In the afternoon was the film premiere of “Lincoln & Douglas: Touring Illinois in Tumultuous Times,” a 47-minute documentary road film about the Lincoln-Douglas debates co-directed by Graham Peck, the UIS Wepner Distinguished Professor of Lincoln Studies. After the film was a presentation by Lincoln re-enactor Randy Duncan, which focused on the days, events and people connected with the Lakota Indian uprising in Minnesota.

The day ended with the annual Mary and James Beaumont Endowed Lincoln Legacy Lecture Series, which for 2021 was a discussion on “Lincoln and Anti-Racism” with professors David Reynolds and James Oakes.
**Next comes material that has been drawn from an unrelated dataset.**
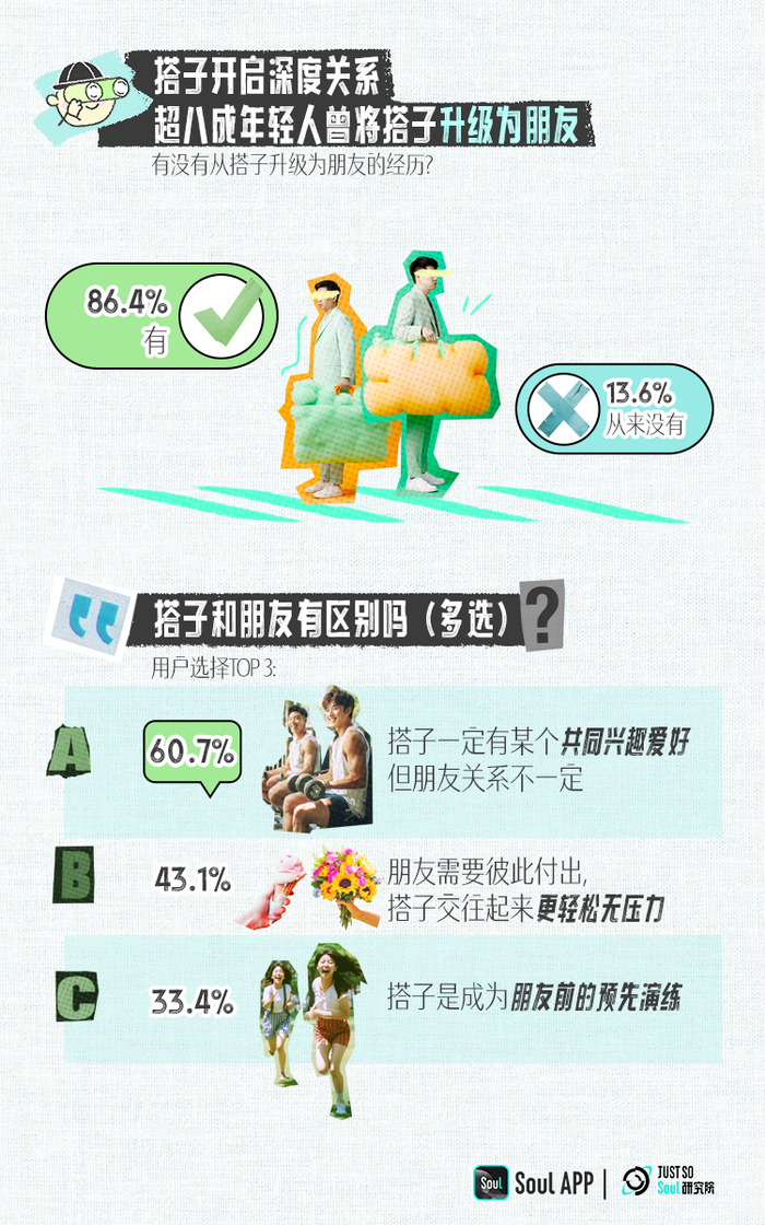年轻人为什么热衷找“搭子”?“搭子”和朋友不一样吗?短暂的陪伴能否升级为深度关系?近日,Just So Soul研究院基于社交平台Soul App站内用户,发起了一项“搭子”社交调研,共收回3136份真实且有效的反馈。从找“搭子”的人群、原因、方式、标准等多个维度进行梳理与分析,《2023年轻人搭子社交报告》(以下简称“报告”)正式发布,深度解读当下年轻人对待“搭子”社交的态度,以及这种新型社交方式所带来的新趋势。

At least 200 people registered for the lecture, which was switched to a virtual format for the year to be safe during the pandemic. The lecture will be released around the holidays, and Peck’s film will be released online in about a month, according to Moseley.

Students and Abraham Lincoln presenter Randy Duncan at an event held
Oct. 16 at UIS.(Photo courtesy of the Center for Lincoln Studies at UIS)
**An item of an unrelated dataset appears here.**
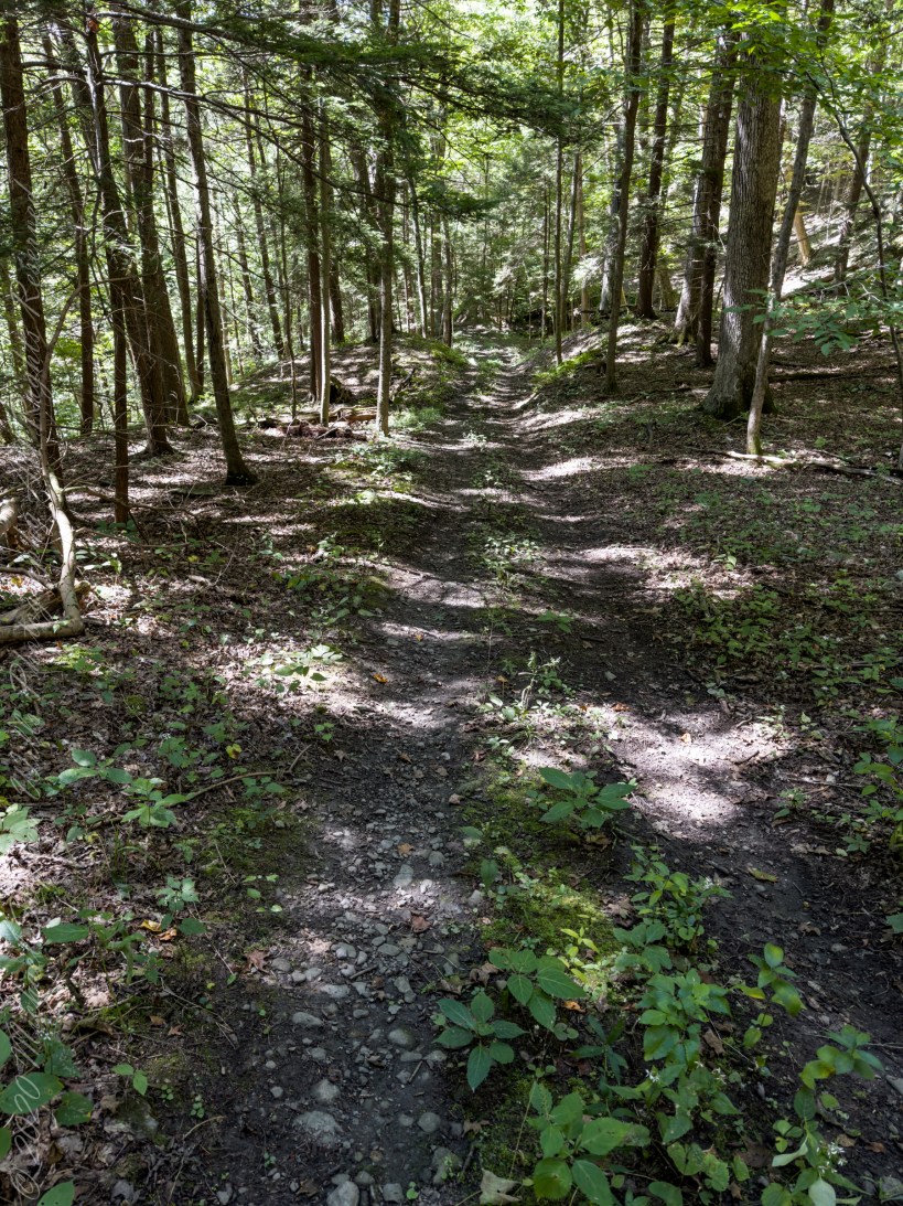 Over a period of 11,000 years this former stream bed, abandoned when a melting tongue of the Laurentide Ice Sheet deposited drift across Enfield Creek, transformed to this sun dappled glade, one of two along the Gorge Trail of Treman Park.

And that was just one day of events.

“I’m always encouraging people to check out our social media and blogs to see what’s going on,” Moseley said. “There is always a lot of work being done behind the scenes.”

Both Moseley and Peck are working on separate books and there are more programs to come, including the Oct. 20 virtual book discussion where Jonathan White will discuss his book, “To Address You As My Friend: African Americans' Letters to Abraham Lincoln.”

The “Making Our History: Artists Render Lincoln’s Legacy” is going well too. Artists were selected from Illinois to take part in the residency during the 2021-2022 academic year, which has an overall goal to create art that stimulates conversation about the American past. That work will then be exhibited from August to September 2022 in the Visual Arts Gallery at UIS, the Abraham Lincoln Presidential Library in Springfield, and the Springfield Art Association.

“They are hard at work coming up with their artists pieces,” Moseley said. “We are looking forward to the new creations they will present to us.”